Yes I agree totally the plugin system shouldn’t React-based per say. It’s just that if you want to have modular plugins that include all those aspects I mentioned, you have to combine them yourself into one custom plugin, as the way you pass nodeviews, plugins etc to PM is through several different APIs.

Eg schema and plugins are provided through editorState yet nodeviews through editorView. Then because editorState is instantiated before the editorView, your plugins won’t have access to it until it is created. So if you are using something like Mobx stores with both the state and the action dispatchers, you need a separate init(editorView) to add the view afterwards.

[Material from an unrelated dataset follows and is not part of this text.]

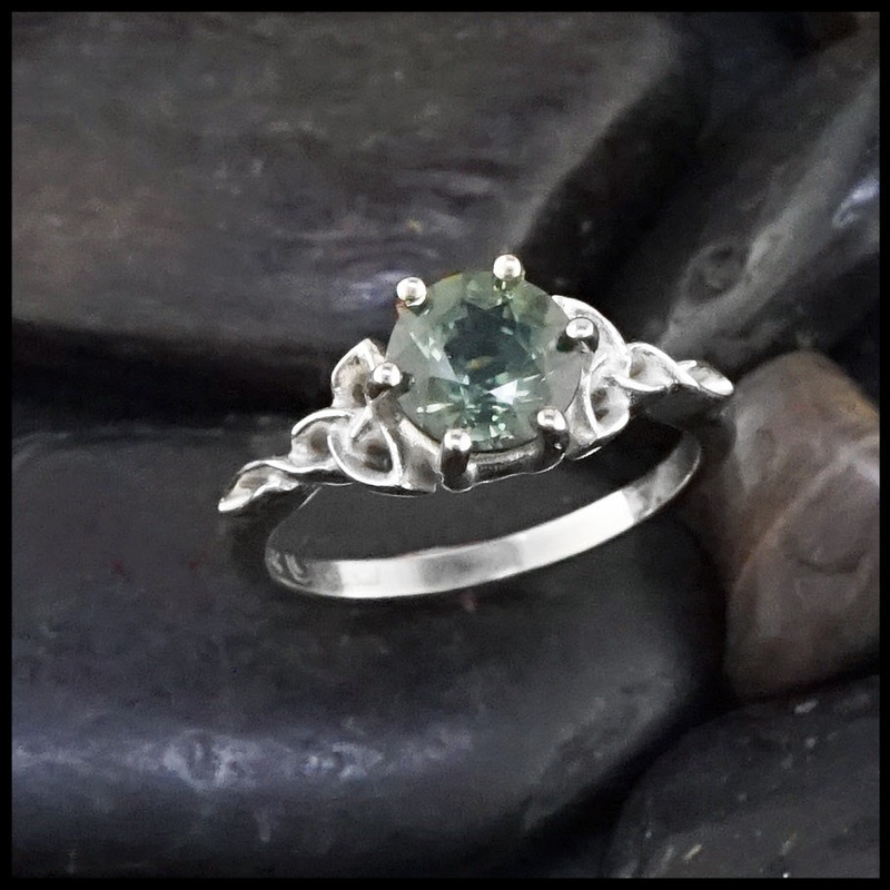 Stunning 14K White Gold ring with Trinity Knot details set on either side of a 2.08CT Green Sapphire. This ring is a 7 1/4 but can be sized upon request.
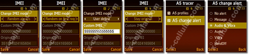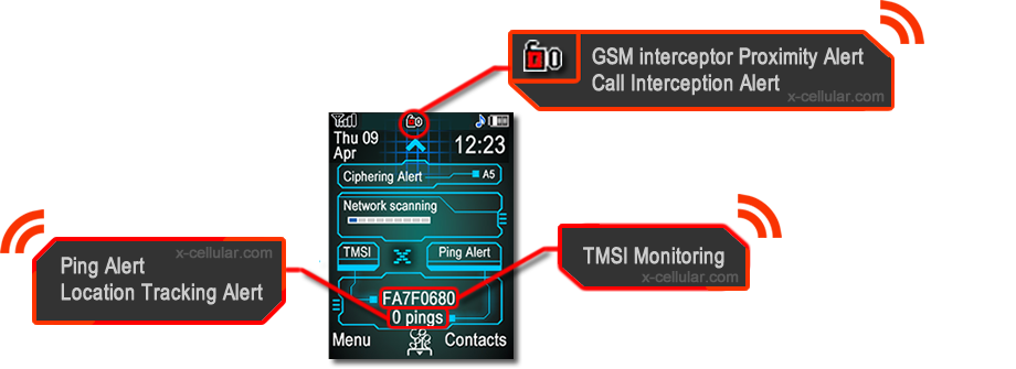 All changes of above identifiers and parameters are instantly detected by XCell Stealth Phones, which will warn you every time when such intrusion attempts are in progress.

Which is I guess fine but it’s bit awkward. And well I switched from Mobx to Redux since PM kinda forces you to use Redux type application logic.

And oh you also got that problem :sweat_smile:. I think I actually stumbled upon the same thing. In my case I was using lot of inline nodes, so I had to modify the delete functionality to account for the extra offsets with positions. It’s been a long time since I solved it, like over a half of year, so I don’t really remember to exact details. Use the ProseMirror devtools to at least see how the elements behave, and maybe @marijn will tell you how it’s done.

This thread, and also this one https://discuss.prosemirror.net/t/lightweight-react-integration-example/2680 helped me get a very basic editor with persistence to a CQRS-based backend up and running–but with some horrible re-render jank that causes the editablecontent to lose focus.

For those of you using strategies put forth in this thread, can you share your persistence strategy? (both directions)

Hello everyone,

Here is my take on using ProseMirror with React: https://github.com/dminkovsky/use-prosemirror.

It is a minimal, un-opinionated integration that aims to embrace the similarity between the React and ProseMirror render models. It:

  • Separates state and presentation, so you can keep your state as high up as necessary.
  • Allows using EditorView props as React props.
  • Is written in TypeScript.

Feedback and contributions would be most welcome!